Vote to request dismissal 2 years in the making
By Patrick Jean, The Layman, June 4, 2008
An Ohio congregation’s vote June 1 to request dismissal from the Presbyterian Church (USA) was at least two years in the making, their pastor says.
The Rev. Jason Bantz, pastor for 11 years of College Corner Presbyterian Church (aka First United Presbyterian Church) in College Corner, Ohio, said he knew of the issues in the denomination and struggled with them before going to seminary and again before seeking PCUSA ordination.
He said he attended the Presbyterian Lay Committee’s Faith and Life Conference in 2006 before the PCUSA’s 217th General Assembly. He started sharing more with his congregation after that Assembly approved the report of the Theological Task Force on Peace, Unity and Purity – including a recommendation that kept the current ordination standards in the denomination’s constitution, but allowed those who choose not to obey them to declare them to be non-essential.
Bantz said his church has four issues with the PCUSA:
- 1. “The truthfulness of the Bible, the full truthfulness. Kind of a more conservative, evangelical reading of it.

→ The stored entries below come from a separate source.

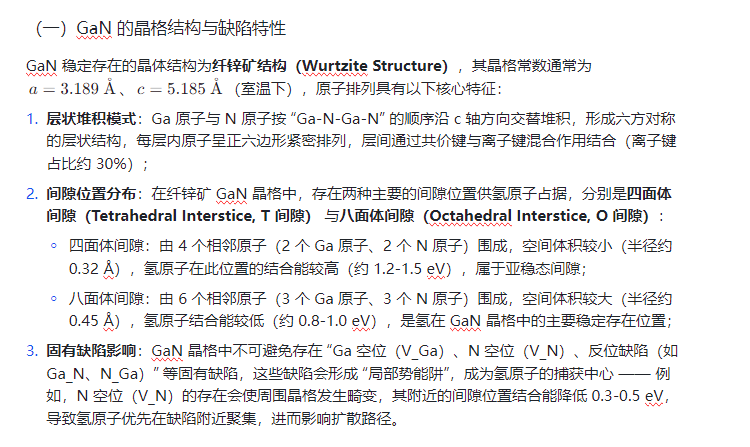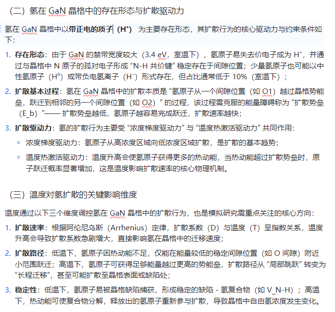 氮化镓(GaN)作为第三代宽禁带半导体材料的核心代表,凭借 “高击穿场强、高电子迁移率、耐高温” 等优异特性,在高频功率器件(如 5G 基站功放)、紫外光电探测器、新能源汽车逆变器等领域具有不可替代的应用价值。然而,氢作为 GaN 材料制备与器件工艺中难以避免的杂质(如 MOCVD 生长过程中氨气分解引入、封装工艺中环境氢渗透),其在 GaN 晶格中的扩散行为直接影响材料的电学性能 —— 例如,氢会与 GaN 中的施主杂质(如硅)形成中性复合物,导致载流子浓度下降;同时,氢扩散至器件界面会引发界面态密度增加,降低器件可靠性。温度作为调控原子扩散行为的核心外部参数,对氢在 GaN 晶格中的扩散路径、扩散速率与稳定性具有显著影响。因此,通过模拟方法揭示不同温度下氢在 GaN 晶格中的扩散机制,对优化 GaN 材料制备工艺、提升器件长期稳定性具有重要理论指导意义。本文将从 GaN 晶格结构与氢扩散基础、模拟方法选择、温度依赖性分析、模拟结果与应用四个维度,系统解析温度如何调控氢在 GaN 晶格中的扩散行为,为 GaN 基器件的性能优化提供科学依据。
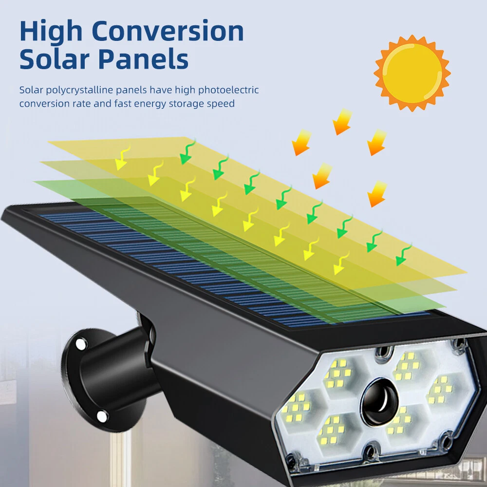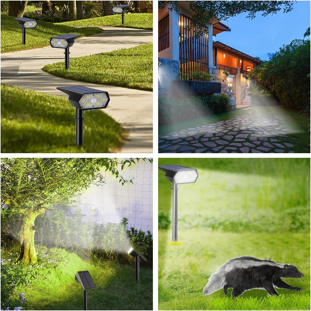 【Upgraded Bright Motion Sensor Spotlights】 : Our Solar Outdoor Spotlights has 42 high-quality LED beads and provide super bright 6500K light, which can increase brightness and illumination range of solar landscape spotlights. Equipped with photosensitive control and PIR sensor, our Solar Motion Lights have 140° detection angle and 8-10 meters sensing distance, which can triggered by human, animals, cars, bicycles, etc. 【High-Efficient & 2200mAh Large Capacity Battery】 : With large high-efficiency polysilicon solar panel, Solar Outdoor Lights can achieve up to about 35% conversion rate, so our outdoor solar spotlights have longer runtime. Built-in rechargeable 2200mAh Large Capacity Battery, it only takes 6-8 hours to charge under sunlight, and can work for 10-12 hours or even longer on the lightest mode. 【3 Lighting Modes】 : The motion sensor spotlights have both light sensing and motion sensing functions. Light Sensing Auto On/Off: The lights will turn off and charge in the daytime and automatically start to work at dusk. 3 Lighting Modes, you can set the mode as you like. 【 Durable and IP65 Waterproof】 : Made of high-quality durable ABS plastic, IP65 waterproof rate, the solar outdoor lights are heat resistant and frost resistant, can not only work in extreme weather, but also reach a a service life of 40000+ hours, perfect for lighting up in various outdoor scenes and landscape. 【 2 installation methods & easy installation 】 :The outdoor light of the motion sensor can be inserted into the ground with wooden stakes or installed on the wall (including screws). You can choose the installation method according to your own needs, which is perfect for yards, patios, garages, passages, gardens, walls and sidewalks.
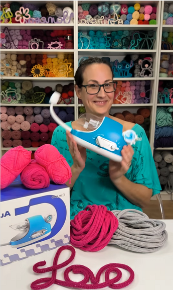 No crochet skills are required. You simply feed the yarn, press start, and the machine forms i-cords automatically.
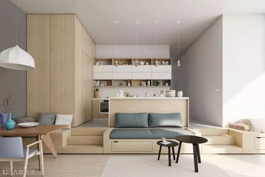 首先,不要浪费任何可以利用的空间,大胆地在客厅、玄关、走廊等角落使用整体柜子,或者干脆用柜子进行隔断,轻松变身收纳高手!
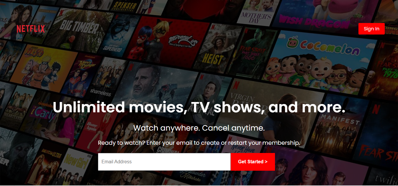 Zaio Coding School Netflix clone as a requirement for web development fundamentals built using HTML5 and CSS3.
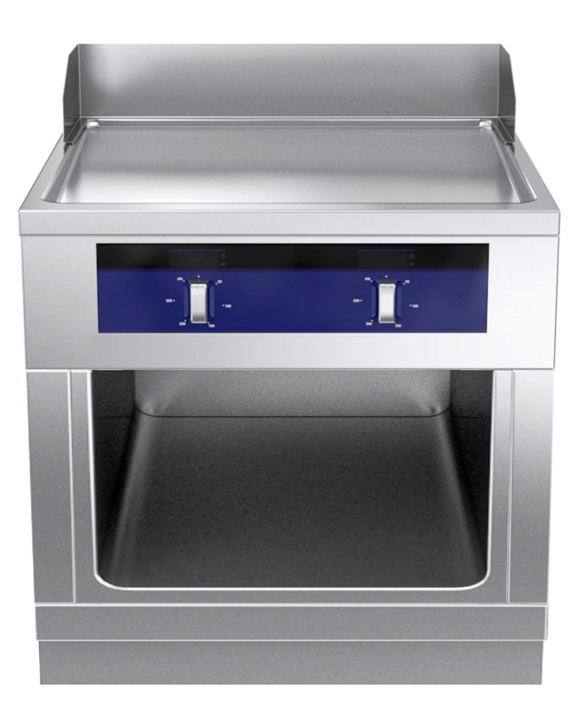 Fry top elettrico con piastra liscia al cromo su vano aperto, modulo intero - 1 lato operatore

- 2. “The singularity of Jesus to save.
- 3. “The sanctity-of-life issue, that all of life in the world is life.
- 4. “The issue of homosexuality and God’s design. We haven’t broken that one, but [we’re] just pushing all over it each General Assembly.”
College Corner Church had two “faithful options,” Bantz said: “One is to work for renewal, along with Presbyterians for Renewal, The Layman, New Wineskins [Association of Churches], or to seek to go to the EPC. And we didn’t have the leadership support to work for renewal.”
Bantz attended the New Wineskins convocation in Sacramento, Calif., in October 2007 and looked at the Evangelical Presbyterian Church and other denominations, like the Presbyterian Church in America and the Evangelical Covenant Church. “The EPC was the best fit, especially after I got to meet some PCUSA churches in New Wineskins out there and heard Dean Weaver and Gerrit Dawson,” he said.
Weaver and Dawson are the New Wineskins co-moderators and, respectively, the pastors of Memorial Park Presbyterian Church in Allison Park, Pa., and First Presbyterian Church in Baton Rouge, La.
Bantz did research on the Internet and said he felt a match with the EPC’s beliefs, particularly its emphasis on mission and local option on women in leadership – Bantz’s church has women deacons and elders.
Bantz said he had meetings with the interim executive presbyter of Whitewater Valley Presbytery in November after returning from the New Wineskins convocation. His church’s session met two months after that, with a church meeting in February.
“We did take about a year on our own to kind of work through the issues and didn’t bring things up to presbytery,” he said. “We saw the ‘Louisville Papers‘ and I shared with the advisory team of the presbytery, ‘You know, those are threatening words.’ And we realize all presbyteries wouldn’t do that, but it seems as we move forward, some of the things that came away from that, they’re doing.”